Ensure that measure_cold::run_warmup instantiates blocking kernel

Because warm-up runs are executed without use of blocking kernel,
the blocking kernel was not jitted until actual measurements were
collected. The module loading cost incurred during the first run
shows as elevated CPU time noise value for the first measurement
as noted in https://github.com/NVIDIA/nvbench/pull/339

This PR adds `this->block_stream(); this->unblock_stream();` prior
to executing warm-up loop with use of blocking kernel disabled.

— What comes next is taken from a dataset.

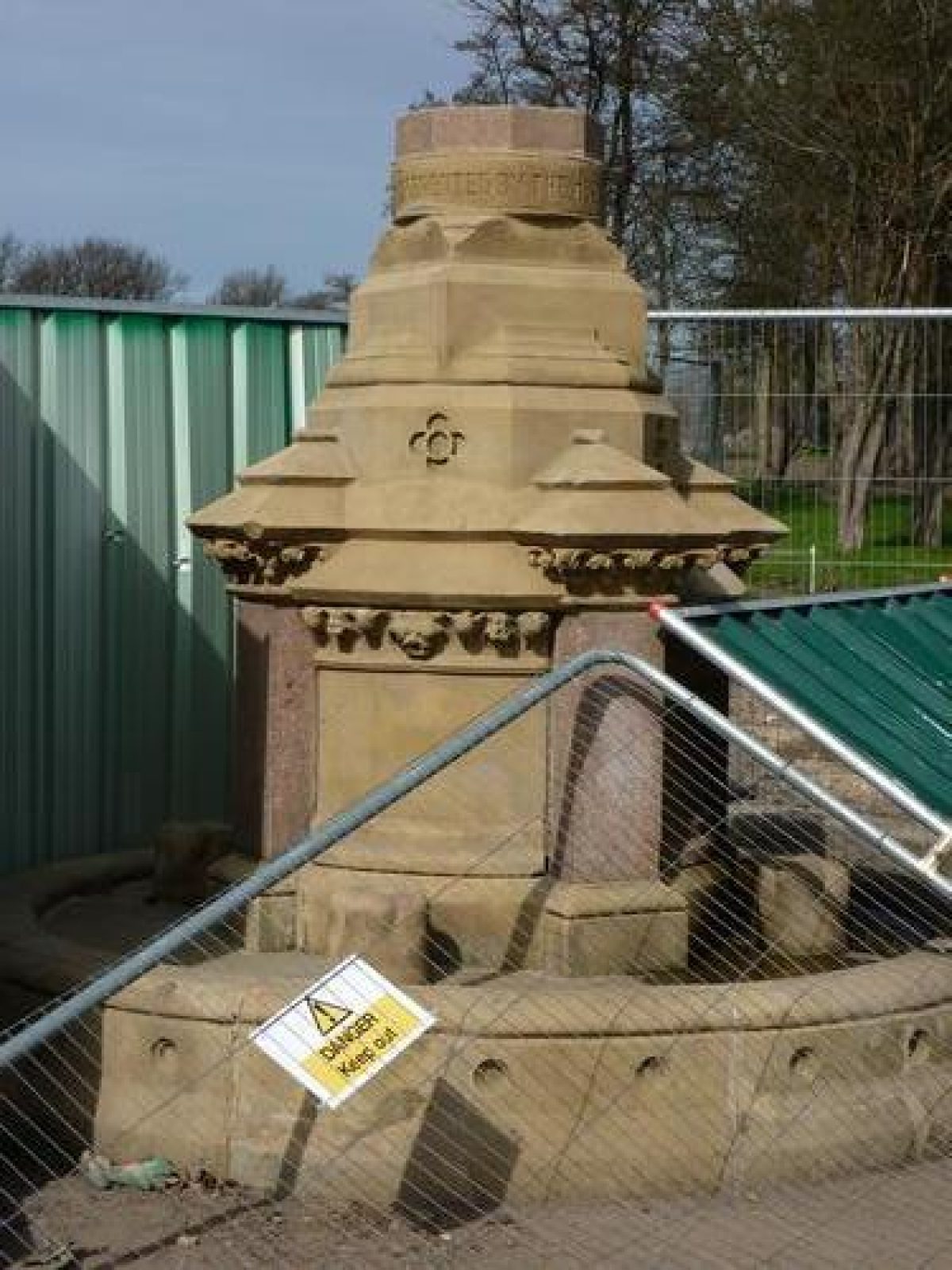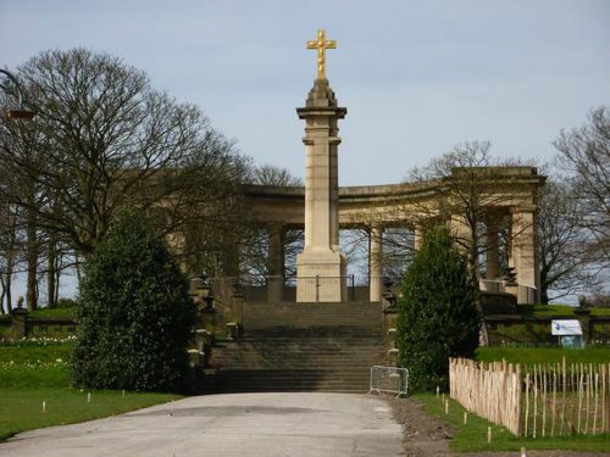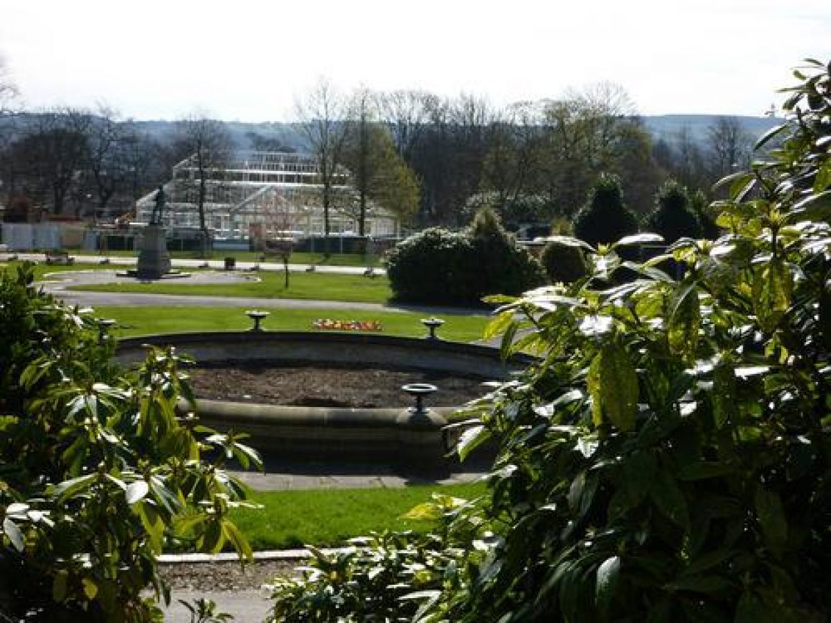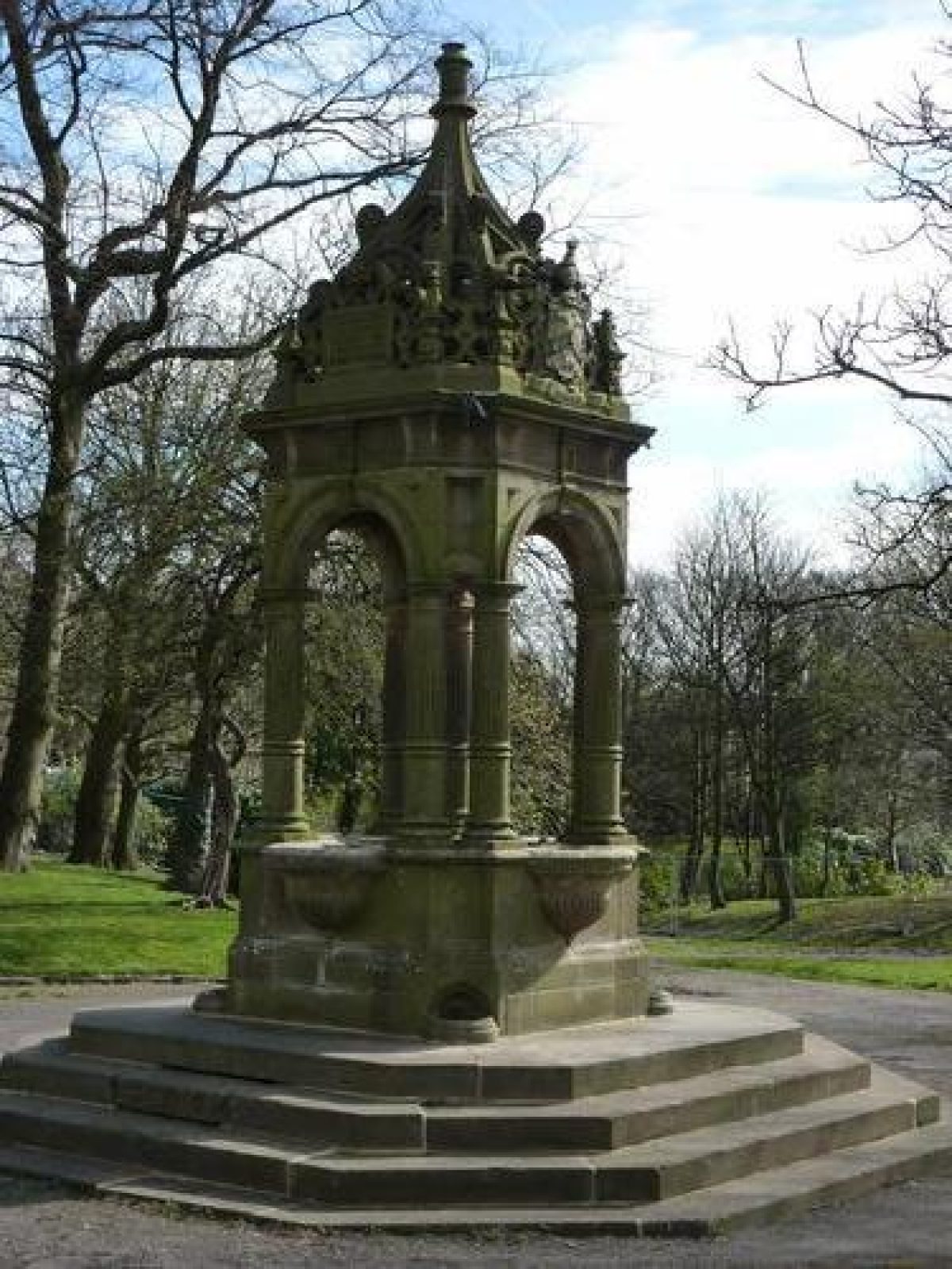 In the south section of the park, the majority of the historic features are retained in the area north of the central axis. A stone fountain basin surrounded by banked bedding out displays lies c 100m north-west of the lodge. A Boer War memorial statue, unveiled in 1905, stands c 60m north-west of the lodge. The timber bandstand, in Japanese style, is set on a stone apron c 210m west of the lodge and the remains of an arbour and viewing platform stand c 80m north-west of the bandstand. The Temperance Drinking Fountain, presented by the Huddersfield Temperance Society in 1885, is c 40m to the south-west of the bandstand. The largest fishpond, located between the bandstand and the arbour, is now (2000) filled in.

This ensures that blocking kernel is instantiated during the warm-up,
but it no other kernel is launched between its launch and stream sync
thus avoiding deadlocking.
This commit is contained in:
Oleksandr Pavlyk
2026-04-30 13:32:02 -05:00
parent 318d409701
commit 84af4ea455

View File

@@ -249,6 +249,11 @@ private:
return;
}
// Ensure blocking kernel is loaded during the warmup
// Ref: https://github.com/NVIDIA/nvbench/issues/339
this->block_stream();
this->unblock_stream();
// disable use of blocking kernel for warm-up run
// see https://github.com/NVIDIA/nvbench/issues/240
constexpr bool disable_blocking_kernel = true;